**Your task:**
When you reach the line that contains "阿寶樂烘焙堅果燕麥片干吃沖飲", give it back exactly along with each line after it to the end of the entries; skip any pictures.

(Stored data entries)
########

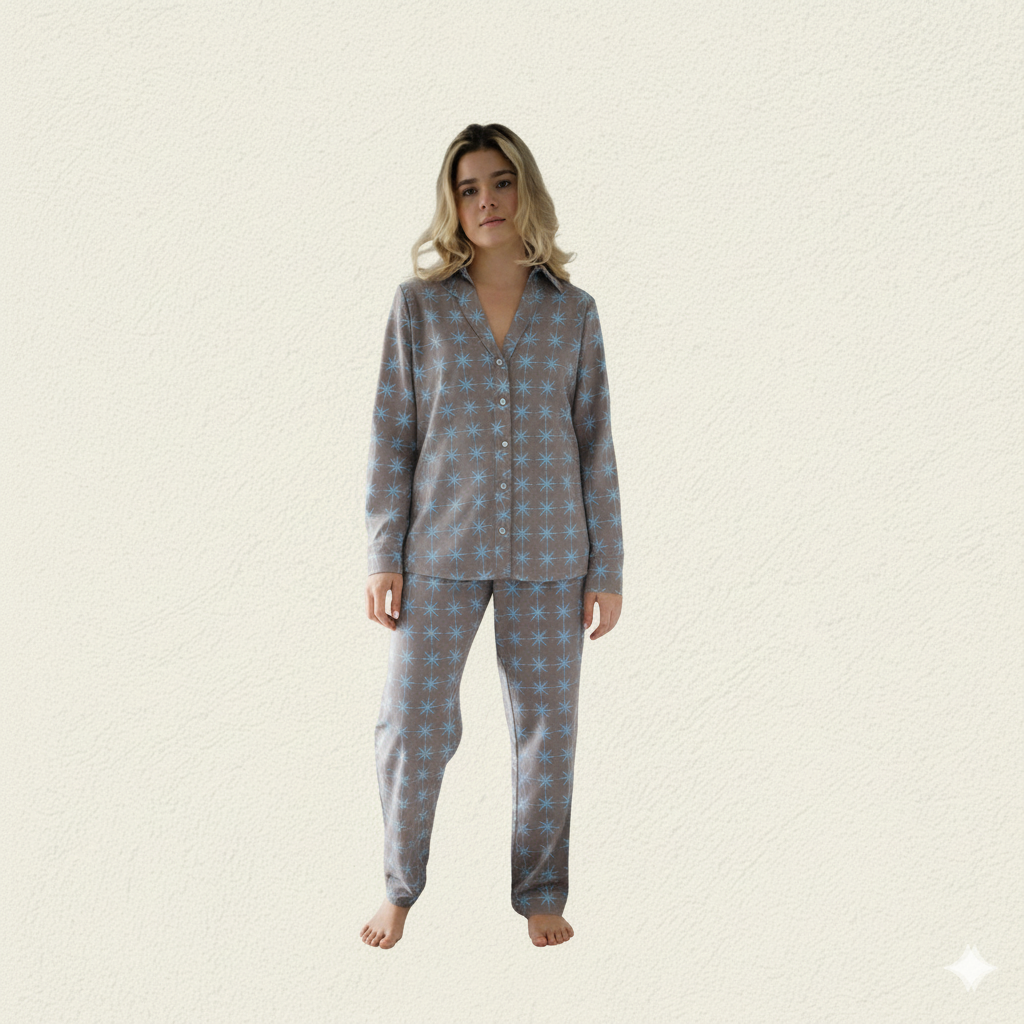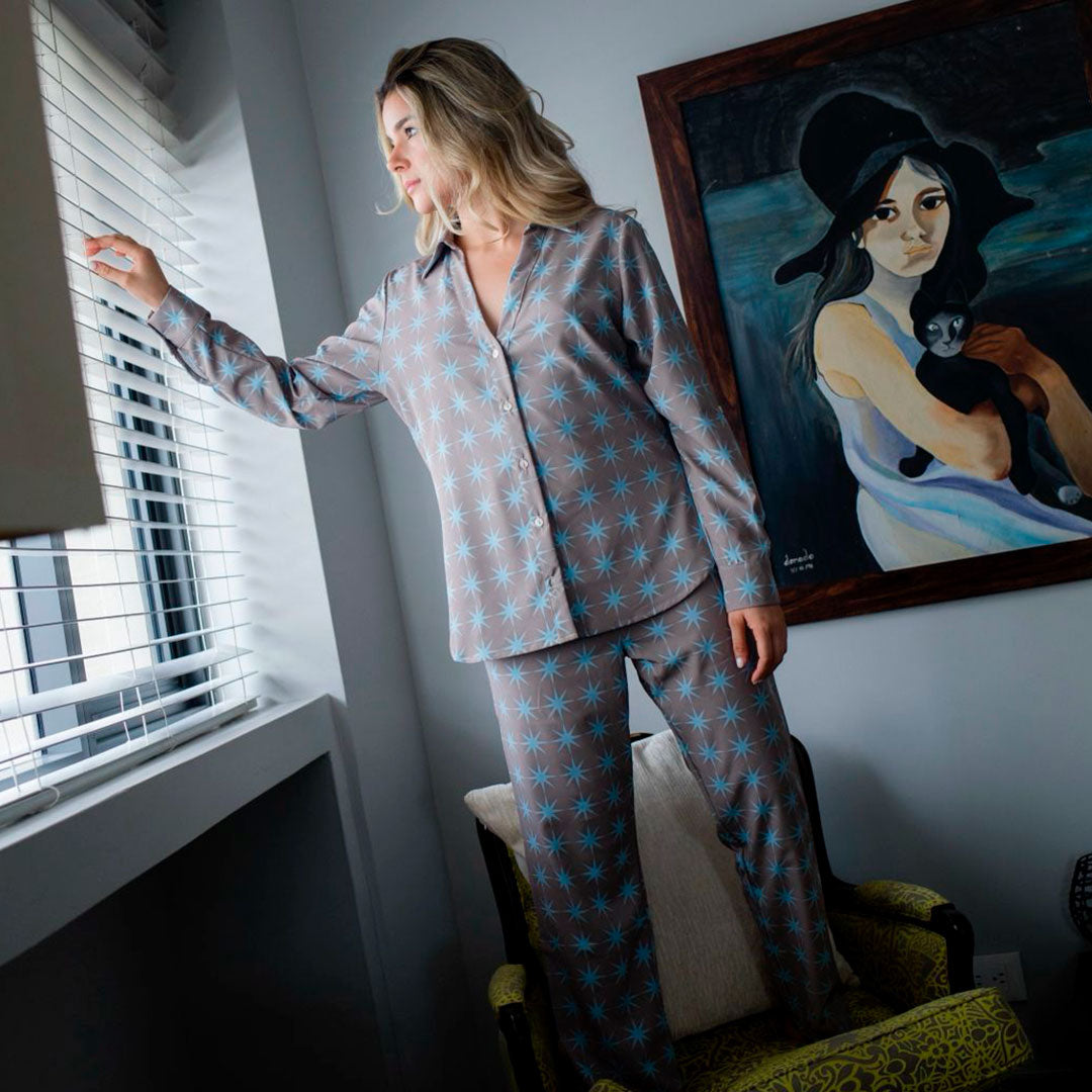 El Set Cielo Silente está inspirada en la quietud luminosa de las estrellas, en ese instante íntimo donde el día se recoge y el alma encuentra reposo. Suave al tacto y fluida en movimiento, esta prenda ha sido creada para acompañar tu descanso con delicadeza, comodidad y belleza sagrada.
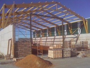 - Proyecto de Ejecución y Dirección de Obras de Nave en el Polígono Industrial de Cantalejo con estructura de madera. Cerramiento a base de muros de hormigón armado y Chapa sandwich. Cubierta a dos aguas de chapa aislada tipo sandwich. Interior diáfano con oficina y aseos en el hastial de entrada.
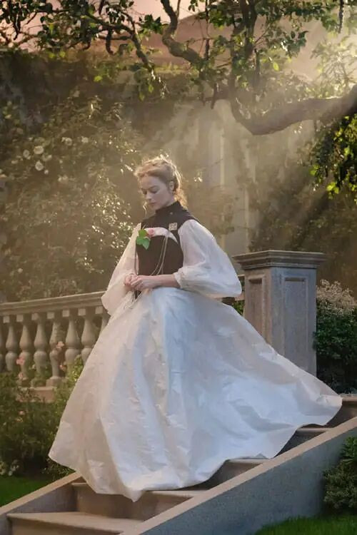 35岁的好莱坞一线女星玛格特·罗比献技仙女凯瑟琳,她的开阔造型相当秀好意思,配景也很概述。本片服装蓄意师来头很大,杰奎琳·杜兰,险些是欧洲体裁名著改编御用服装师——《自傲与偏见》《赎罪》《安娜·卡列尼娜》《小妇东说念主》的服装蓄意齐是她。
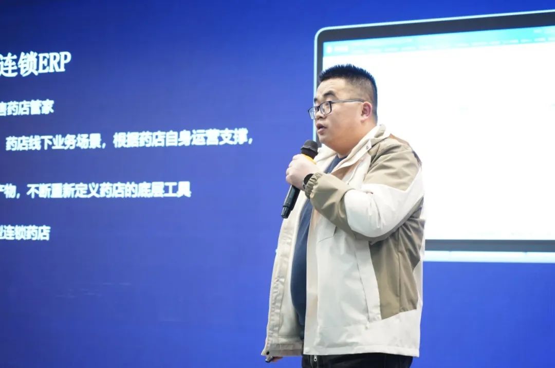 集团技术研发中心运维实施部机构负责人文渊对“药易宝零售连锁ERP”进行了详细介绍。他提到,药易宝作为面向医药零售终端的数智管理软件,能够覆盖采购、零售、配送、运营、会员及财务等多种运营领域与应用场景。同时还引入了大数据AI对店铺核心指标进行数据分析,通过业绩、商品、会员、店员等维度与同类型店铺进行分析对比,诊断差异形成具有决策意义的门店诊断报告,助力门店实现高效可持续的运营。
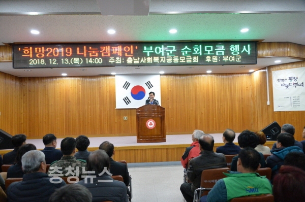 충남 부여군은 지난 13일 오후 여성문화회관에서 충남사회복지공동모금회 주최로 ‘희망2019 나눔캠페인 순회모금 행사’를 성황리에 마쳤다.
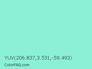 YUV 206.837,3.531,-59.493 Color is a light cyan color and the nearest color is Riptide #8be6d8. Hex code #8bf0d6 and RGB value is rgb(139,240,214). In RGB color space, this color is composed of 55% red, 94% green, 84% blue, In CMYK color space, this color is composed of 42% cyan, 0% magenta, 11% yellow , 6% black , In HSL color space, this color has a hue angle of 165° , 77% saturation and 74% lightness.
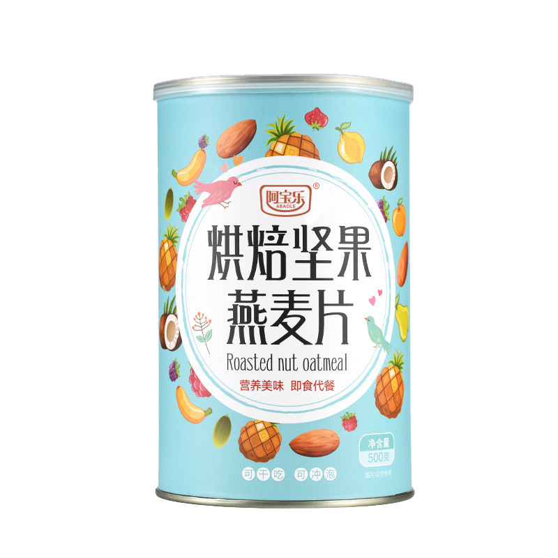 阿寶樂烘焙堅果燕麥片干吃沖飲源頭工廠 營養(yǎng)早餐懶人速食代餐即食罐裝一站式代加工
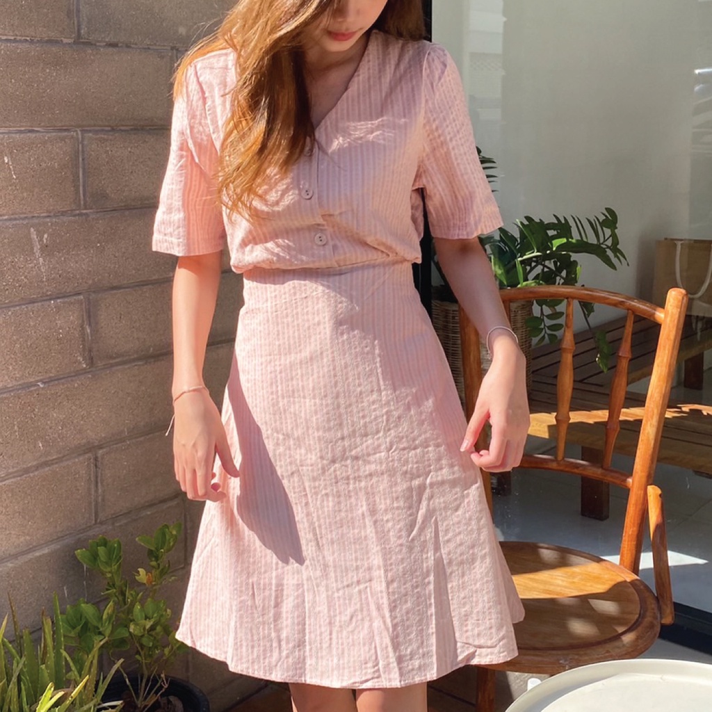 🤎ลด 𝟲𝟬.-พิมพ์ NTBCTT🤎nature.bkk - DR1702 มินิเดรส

########

**Output:**
 阿寶樂烘焙堅果燕麥片干吃沖飲源頭工廠 營養(yǎng)早餐懶人速食代餐即食罐裝一站式代加工
 🤎ลด 𝟲𝟬.-พิมพ์ NTBCTT🤎nature.bkk - DR1702 มินิเดรส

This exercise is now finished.